They show Iger two products: the eponymous Sphero, and Ollie, the rubberized, cylindrical all-terrain take on the same idea. As soon as they finish, Iger pulls out his phone and opens his photos app. As it happens, he’d been on the ultra-secret set of the new Star Wars movie a few days before, and Sphero had reminded him of something.
He swipes past pictures of director JJ Abrams (there may have been a selfie in there), and points to a shot of a little robot ball in the desert. “He’s like, ‘Look at this!’” Wilson says. “‘How awesome would it be if you made your product into a toy of this?’”
Now, when the CEO of Disney asks you if you’ll make a Star Wars toy, you say yes. The Sphero team left the room and went immediately to work. Twenty minutes later, they had a design for a crude BB-8—a Sphero with a head. That night, after the place cleared out and they could work without spilling their big secret, they made one with a 3-D printer. And damned if it didn’t work. They shot a quick and dirty video and sent it to Iger.
Iger’s people were nervous. “This is Bob Iger!” Wilson recalls them saying. “The only thing he’s used to seeing are these huge productions by Marvel. And you want to show this to him?” Yes, Wilson said. Show it to him. Iger saw it and went nuts. A few meetings and emails later, Disney made Orbotix an official Lucasfilm licensee and steward of the BB-8 toy. Then it dropped the hammer: Orbotix had 10 months to get BB-8 onto store shelves. Force Friday was September 4, 2015. It had to be ready, or there would be a great disturbance in the Force.
Still, it wasn’t going to be hard. Well, not too hard. Oh sure, they had to figure out the design, improve the Bluetooth, integrate the magnetic head, and make sure it rolled so smoothly even Lucasfilm would love it. But they’d been working on this same thing for four years. At one point, they’d even given Sphero hair, mostly as a joke. “[Bernstein] made a little magnet with some hair on the Sphero,” Wilson says, “that is the exact magnet setup that we have now.” Looking back, he feels a bit dumb that no one ever thought to give Sphero a head.

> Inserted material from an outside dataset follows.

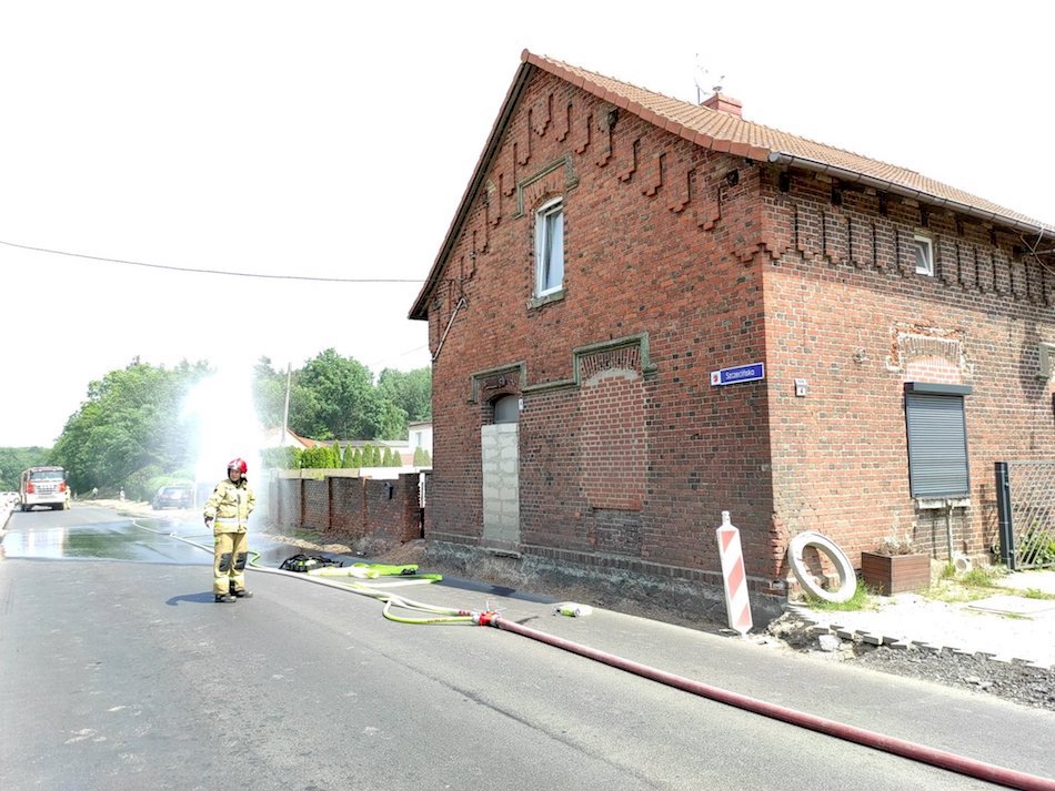 To nie przy pracach drogowych a przy wykopie dziury pod szambo na prywatnej posesji przy ul. Szczecińskiej uszkodzony został gazociąg w Przęsocinie.

This Is the Droid You’re Looking For
Sphero didn’t really need Star Wars. Yes, of course, it changed everything—the scale of Sphero’s business changed the moment it signed the Disney deal. Wilson told Bloomberg that a month of BB-8 sales nearly matched all of the company’s sales from 2014, and the company sold more than 2,000 of the adorable droids—at $150 a pop–every hour on Force Friday. The company can’t make them fast enough. “The retailers are pissed at us,” Wilson says.
Still, he’d like you to know the company was doing just fine before BB-8, thank you very much. People like Sphero and Ollie, and everyone at Sphero had been thinking about the next product, which Wilson declines to describe beyond saying “it’s a home robot…it’s a smarter robot. It’s the next version of what we’d do anyway.” They’d even closed another round of investing. Saying “We’re building BB-8” goes over well with investors. “They were like, ‘holy crap!’” Wilson says. “You get to close the round and then build that. And that will obviously build enough revenue and profit to build whatever the other product was.”
Sphero’s more than doubled in size in the last year or so, to about 100 people. It’s learning to operate at an entirely new scale. “Sphero was not at that level yet of ordering millions of parts,” Wilson says. “That was more money than we’d ever seen, just to order the parts.” When they started Orbotix, Wilson walked through their Chinese factory—they shared it with Furby, or something like that, he can’t remember now—and said, One day we’ll have this whole thing. “But it was like, nah. I don’t know about that. It was huge! Like a thousand people worked in there.” Now he looks at the factory floor and it’s BB-8 all the way down.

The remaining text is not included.